И он вдруг заплакал горячими, горячими слезами. Слезы так и хлынули. Он закрыл глаза
своим красным фуляром и рыдал, рыдал минут пять, конвульсивно. Меня всего
передернуло. Этот человек, двадцать лет нам пророчествовавший, наш проповедник,
наставник, патриарх, Кукольник, так высоко и величественно державший себя над всеми
нами, пред которым мы так от души преклонялись, считая за честь - и вдруг он теперь
рыдал, рыдал как крошечный, нашаливший мальчик, в ожидании розги, за которою
отправился учитель. Мне ужасна стало жаль его. В "кибитку" он очевидно верил, как в то,
что я сидел подле него, и ждал ее именно в это утро, сейчас, сию минуту, и всё это за
сочинения Герцена да за какую-то свою поэму! Такое полнейшее, совершеннейшее
незнание обыденной действительности было и умилительно и как-то противно.
Он наконец плакать перестал, встал с дивана и начал опять ходить по комнате, продолжая
со мной разговор, но поминутно поглядывая в окошко и прислушиваясь в переднюю.
Разговор наш продолжался бессвязно. Все уверения мои и успокоения отскакивали как от
стены горох. Он мало слушал, но всё-таки ему ужасно нужно было, чтоб я его успокоивал,
и без умолку говорил в этом смысле. Я видел, что он не мог теперь без меня обойтись и
ни за что бы не отпустил от себя. Я остался, и мы просидели часа два слишком. В
разговоре он вспомнил, что Блюм захватил с собою две найденные у него прокламации.
- Как прокламации! - испугался я сдуру: - разве вы...
- Э, мне подкинули десять штук, - ответил он досадливо (он со мною говорил то
досадливо и высокомерно, то ужасно жалобно и приниженно), но я с восьмью уже
распорядился, а Блюм захватил только две...
И он вдруг покраснел от негодования.
- Vous me mettez avec ces gens-lа! Неужто вы полагаете, что я могу быть с этими
подлецами, с подметчиками, с моим сынком Петром Степановичем, avec ces esprits-forts
de la lachete! О, боже!
- Ба, да не смешали ли вас как-нибудь... Впрочем вздор, быть не может! - заметил я.
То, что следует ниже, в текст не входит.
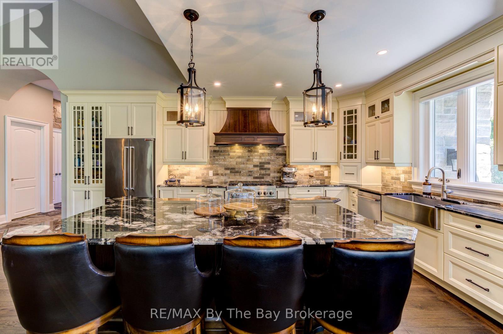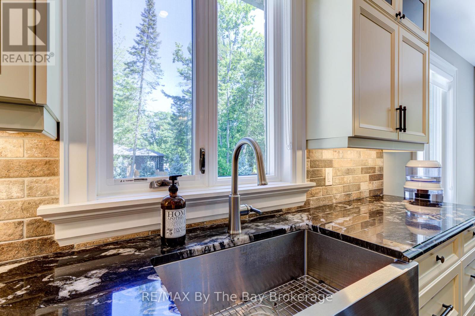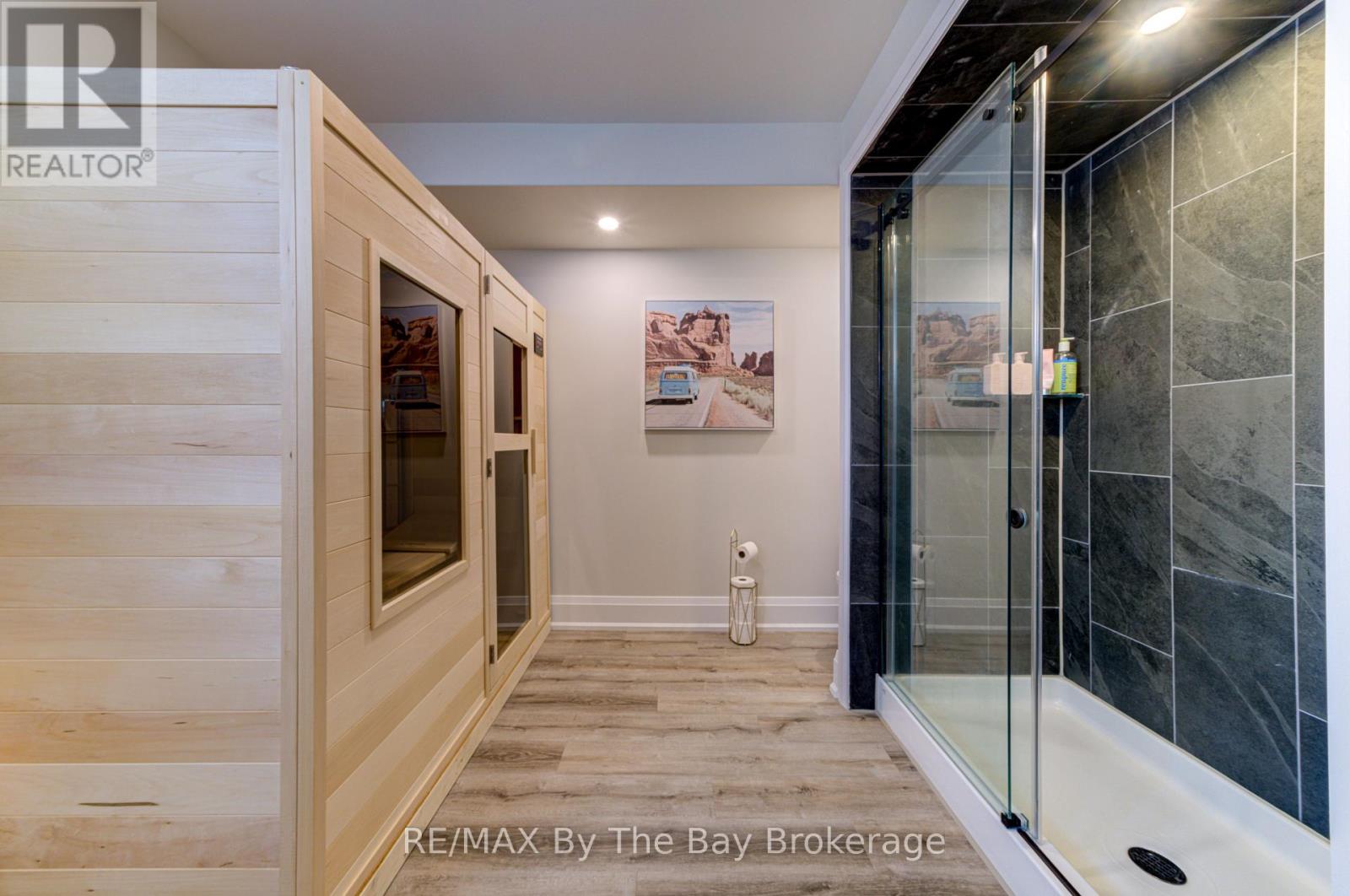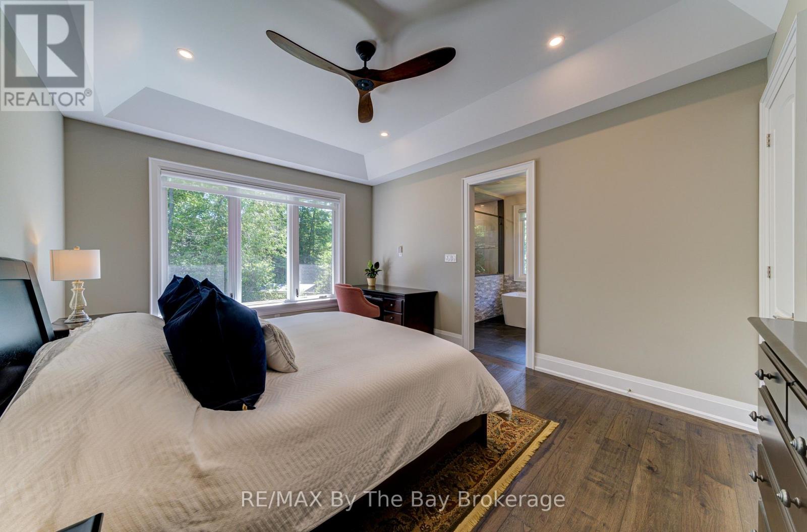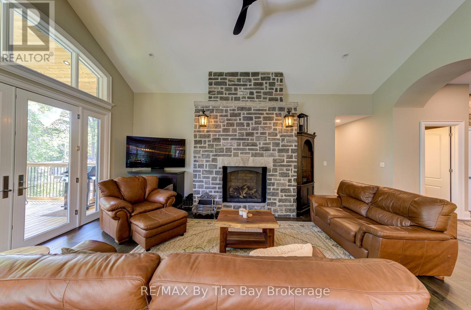 Stunning Almost Beachfront Custom-Built Home At Allenwood Beach! This exquisite property boasts over 3,500 square feet of finished luxury living space. Approximately 900 feet to the pristine sands of the worlds longest freshwater beach. This home is the epitome of coastal living and features a beautiful all-stone facade exterior with a natural stone blend. A 150-foot private driveway provides ample space for parking including an RV plug-in for your recreational vehicle. The grounds are your private oasis with over 500 feet of privacy fencing enclosing a beautifully spruce tree lined yard creating a tranquil retreat. The 950 square foot insulated 2-car garage boasts 13-foot ceilings, 3 insulated garage doors with high lift openers and gas rough-in for a future heater. Once in the home, the Great Room dominates with a soaring cathedral ceiling flooded with natural light. The focal point is an oversized, gas Napoleon fireplace in all natural granite stone veneer finish. French doors provide access to the covered cedar porch and private yard perfect for exclusive outdoor entertaining and relaxation. The heart of the home is the spacious gourmet Kitchen with a seating area at an oversized centre island, copious storage with high end appliances and granite countertops. Nine foot ceilings throughout with tray and vaulted in the bedrooms. The primary suite is a serene retreat. It boasts a spa like 5-piece ensuite with a 2-person rain shower, deep soaker tub, water closet and walk in closet with built in live edge waterfall vanity. An entertainers dream, the fully finished basement includes a theatre room, a versatile large recreation room and 3rd bedroom. Unwind in the Infrared 3-person Sauna Ray sauna. This extraordinary property offers a unique blend of rustic and luxury finishes and ultimate privacy within steps of one the most sought after beaches on the shores of Georgian Bay. Don't miss this opportunity to make this your forever home. (id:46441)

- Savez-vous, - вырвалось у него вдруг, - я чувствую минутами, que je ferai lа-bas quelque
esclandre. О, не уходите, не оставляйте меня одного! Ма carriere est finie aujourd'hui, je le
sens. Я, знаете, я может быть брошусь и укушу там кого-нибудь, как тот подпоручик...
Он посмотрел на меня странным взглядом - испуганным и в то же время как бы
желающим испугать. Он действительно всё более и более раздражался на кого-то и на
что-то, по мере того как проходило время и не являлись "кибитки"; даже злился. Вдруг
Настасья, зашедшая зачем-то из кухни в переднюю, задела и уронила там вешалку. Степан
Трофимович задрожал и помертвел на месте; но когда дело обозначилось, он чуть не
завизжал на Настасью и, топоча ногами, прогнал ее обратно на кухню. Минуту спустя он
проговорил, смотря на меня в отчаянии:
- Я погиб! Cher, - сел он вдруг подле меня и жалко, жалко посмотрел мне пристально в
глаза, - cher, я не Сибири боюсь, клянусь вам, о, je vous jure (даже слезы проступили в
глазах его), я другого боюсь...
Я догадался уже по виду его, что он хочет сообщить мне наконец что-то чрезвычайное, но
что до сих пор он, стало быть, удерживался сообщить.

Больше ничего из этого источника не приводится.